La Cañada es un barrio retrepado en las colinas con el endiablado urbanismo de una típica ciudad marroquí que crece en vertical y horizontal sin orden ni concierto. Se divisa un laberinto de calles en la que apenas queda espacio para edificar. Todos se conocen; todo se sabe. El forastero enseguida es descubierto. Se vive codo con codo con el vecino y las noticias corren como la pólvora. Las buenas y las malas.
El pasado miércoles, los agentes de la Guardia Civil y la Policía Nacional se dirigieron al callejón de Alcor para detener a un presunto yihadista. Un palo para los habitantes de La Cañada. Otro estereotipo contra el que luchar. Pero los sucesos no terminan ahí. Ayer por la mañana los vecinos aún se estaban recuperando del revuelo de este incidente cuando horas más tarde ya estaba teniendo lugar otro nuevo. Siete furgones de la Policía entraron en la zona para acabar con la imagen de paz con la que había iniciado la jornada.
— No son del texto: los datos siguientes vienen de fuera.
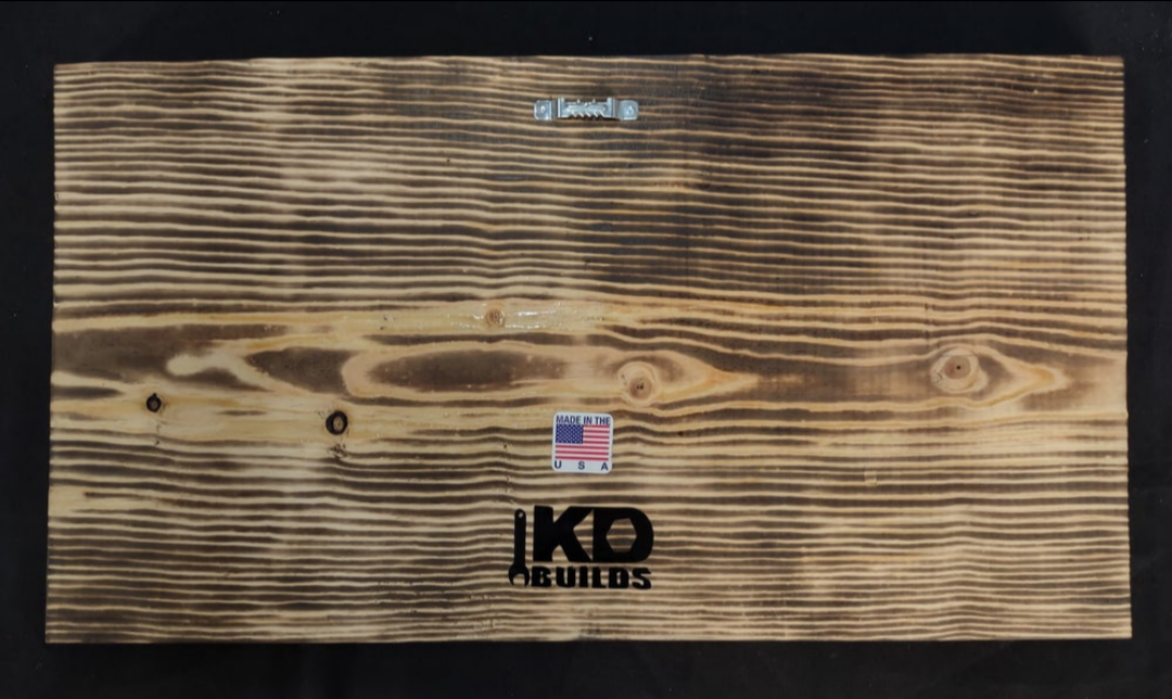 Sawtooth hanger on the backside for easy wall mounting. 18" L x 9 3/4" W x 5/8" H wood that is burned, stained and sprayed with polyurethane seal. Not intended for outdoor use.

El asimétrico reparto de papeles ha hecho que algunos vecinos sin trabajo ni esperanza formen parte de un submundo donde reinan las mafias del hachís, los ajustes de cuenta y abundan las armas blancas. Una sombra que cubre La Cañada. Sombra que ahora oscurece con esa detención que ya ha dado la vuelta al mundo. “No puede ser que todo lo que se lea, escuche y vea de este barrio sea negativo. Aquí vivimos gente normal”, manifiesta Mohamed Satur. Es padre de cuatro hijos. La mayor, es técnico en Educación infantil, otras dos se han decantado por el grado de Enfermería y el más pequeño está cursando segundo de la ESO.
Sin duda, este cuadro rompe con los prejuicios que algunos ciudadanos arrastran ante los vecinos de La Cañada. “No nos pueden meter en el mismo saco”, señala. “Ha sido el paso de los años el que ha hecho cambiar el barrio y que nos sintamos más inseguros”, continúa.
“Más mano dura”
“Necesitamos más mano dura en este barrio y mayor seguridad. No podemos pagar justos por pecadores”, dice Habiba Mohand. Tiene 62 años y cuenta que moverse ahora sin compañía por La Cañada es delicado. Ha vivido durante 33 años en Madrid y sabe de sobra que en otras ciudades también hay barrios marginales, pero reconoce que el barrio que la vio nacer ha cambiado. La desconfianza se ha convertido en el deporte local en La Cañada. “Hace 10 años esto era distinto, podíamos vivir en paz”, asegura. “Hoy en día un joven agrede a un conductor de la COA y todos tenemos que pagarlo”, continúa.
Trato injusto
Mustafa Amar, otro residente de La Cañada, discrepa con sus vecinos. “Este barrio siempre ha sido así”. Asegura que es consciente de que en otras zonas de la ciudad hay gente necesitada, pero que algo invisible siempre los ha separado. Cree que las instituciones viven de espaldas a este territorio. “También entre los pobres hay clases y a nosotros nos tratan como lo último”, lamenta. “El gobierno nunca se ha interesado por nosotros. Hemos vivido juntos, pero no revueltos”, afirma.
Amar tiene tres hijos de 6, 7 y 9 años. Su única preocupación cuando amanece un nuevo día es poder servirles un plato de comida caliente. “Como yo hay muchos. Es normal que la gente acabe buscándose la vida de otra forma”, sostiene. Se refiere a la venta de sustancias estupefacientes.
Un brumoso negocio que según Amar, crea “mucho empleo y dinero en el barrio”. Miseria, droga y violencia. Una espiral maldita de la que Amar prefiere mantenerse alejado. “Prefiero seguir cobrando la ayuda que recibo de Servicios Sociales: 640 euros para cinco personas.
Preguntado por la detención del presunto yihadista el pasado miércoles, sigue sin dar crédito. “Era un joven tranquilo que iba al gimnasio y que hacía cosas propias de un adolescente. Su madre es de Melilla y su padre de Marruecos”, cuenta. No obstante, mantiene que el fanatismo no se transmite por residir en una zona concreta, sino que el mayor movimiento está en las redes sociales.
Sí reconoce que la pobreza puede favorecer el extremismo, y más cuando te sientes como un ciudadano de segunda. “Hay que dar trabajo y apoyar a las personas. Así la gente no se metería en líos”, dice Hamed Mohamed, que tras vivir 25 años en Canarias, vuelve al lugar en el que se siente a gusto: La Cañada.